Several lines of evidence indicate that TNF-α could be involved in the pathogenesis of HE in ALF [
24‐
27]. Patients with HE who are in ALF have elevated circulating levels of TNF-α [
44]. A strong correlation between the circulating levels of TNF-α and those of ammonia was identified in these patients, which suggests a significant relationship between TNF-α and ammonia in patients with liver failure and HE. Research shows that TNF-α increases the diffusion of ammonia in central nervous system-derived endothelial cells [
28], increasing the concentration of ammonia in the brain and consequently increasing ammonia toxicity to the central nervous system.
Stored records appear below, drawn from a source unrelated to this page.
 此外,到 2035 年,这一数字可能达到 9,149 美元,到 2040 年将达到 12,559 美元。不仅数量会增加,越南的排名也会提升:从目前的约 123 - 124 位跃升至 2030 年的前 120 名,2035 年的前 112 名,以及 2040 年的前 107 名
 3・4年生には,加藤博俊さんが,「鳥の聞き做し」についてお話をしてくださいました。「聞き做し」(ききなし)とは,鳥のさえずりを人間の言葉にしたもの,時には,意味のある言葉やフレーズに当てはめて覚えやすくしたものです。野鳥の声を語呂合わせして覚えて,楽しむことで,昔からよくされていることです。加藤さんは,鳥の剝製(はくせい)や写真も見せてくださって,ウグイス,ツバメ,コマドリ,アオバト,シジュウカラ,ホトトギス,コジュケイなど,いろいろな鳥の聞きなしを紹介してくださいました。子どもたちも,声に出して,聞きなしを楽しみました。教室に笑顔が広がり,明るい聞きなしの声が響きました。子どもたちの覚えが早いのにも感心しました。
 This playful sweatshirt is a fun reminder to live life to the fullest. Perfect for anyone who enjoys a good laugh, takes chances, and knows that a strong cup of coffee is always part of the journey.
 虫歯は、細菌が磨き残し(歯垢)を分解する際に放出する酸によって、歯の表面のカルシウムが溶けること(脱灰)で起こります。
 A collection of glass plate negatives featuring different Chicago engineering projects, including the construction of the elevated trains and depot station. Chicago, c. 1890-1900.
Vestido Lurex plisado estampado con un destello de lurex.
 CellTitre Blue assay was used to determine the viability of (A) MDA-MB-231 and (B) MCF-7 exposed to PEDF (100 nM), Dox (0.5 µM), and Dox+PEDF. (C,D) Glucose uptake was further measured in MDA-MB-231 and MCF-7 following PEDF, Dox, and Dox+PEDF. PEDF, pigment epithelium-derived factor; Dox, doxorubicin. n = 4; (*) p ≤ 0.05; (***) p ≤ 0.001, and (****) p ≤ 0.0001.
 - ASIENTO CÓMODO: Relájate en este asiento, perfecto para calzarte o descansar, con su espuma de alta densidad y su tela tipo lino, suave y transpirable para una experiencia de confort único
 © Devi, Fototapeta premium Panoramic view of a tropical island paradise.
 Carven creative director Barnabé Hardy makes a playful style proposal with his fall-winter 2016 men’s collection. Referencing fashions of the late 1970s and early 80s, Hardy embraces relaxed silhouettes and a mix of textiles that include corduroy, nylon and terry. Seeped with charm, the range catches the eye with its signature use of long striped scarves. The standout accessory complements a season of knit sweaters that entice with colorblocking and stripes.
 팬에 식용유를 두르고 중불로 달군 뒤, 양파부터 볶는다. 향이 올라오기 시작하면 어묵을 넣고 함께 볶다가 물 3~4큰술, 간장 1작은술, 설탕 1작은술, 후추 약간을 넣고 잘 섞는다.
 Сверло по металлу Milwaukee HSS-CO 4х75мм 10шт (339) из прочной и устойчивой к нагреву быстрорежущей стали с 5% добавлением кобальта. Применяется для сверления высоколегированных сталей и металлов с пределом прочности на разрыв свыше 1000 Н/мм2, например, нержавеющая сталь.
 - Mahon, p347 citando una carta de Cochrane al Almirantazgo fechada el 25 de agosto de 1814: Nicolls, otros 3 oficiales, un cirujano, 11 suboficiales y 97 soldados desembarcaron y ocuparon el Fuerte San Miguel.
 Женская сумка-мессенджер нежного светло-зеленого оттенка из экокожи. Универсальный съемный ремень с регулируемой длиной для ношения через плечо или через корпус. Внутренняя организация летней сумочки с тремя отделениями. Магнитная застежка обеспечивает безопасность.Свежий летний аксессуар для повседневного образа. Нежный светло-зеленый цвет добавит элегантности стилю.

TNF-α contributes to cell swelling in ammonia-sensitized cultured astrocytes [
29]. We found that the elevation of serum TNF-α paralleled the increasing concentration of ammonia in the blood and brain tissues in D-GalN/LPS-induced ALF and was correlated with Rhcg expression in brain tissues. When TNF-α was blocked with an antibody against TNF-α IgG, Rhcg expression in ALF brain tissues was significantly downregulated; blood ammonia levels remained higher than in the saline group, but brain ammonia levels decreased to the baseline level. TNF-α is detected between 2 and 6 h from the start of the D-GalN+LPS treatment; blood and brain ammonia reaches a maximum level between 6 and 12 h; and Rhcg expression peaks between 9 and 12 h. The fact that TNF-α expression precedes that of the ammonia transporter Rhcg suggests that it may play a role in transcriptional or posttranslational upregulation of the
Rhcg gene. The fact that the timing of Rhcg expression coincides with the ammonia peak in the brain indicates that Rhcg contributes to the accumulation of ammonia in the brain. These findings provide a likely mechanism for the exacerbation of brain edema or HE in patients with ALF. TNF-α may be involved in the development of brain edema in ALF by affecting brain ammonia through the modulation of Rhcg expression in the brain.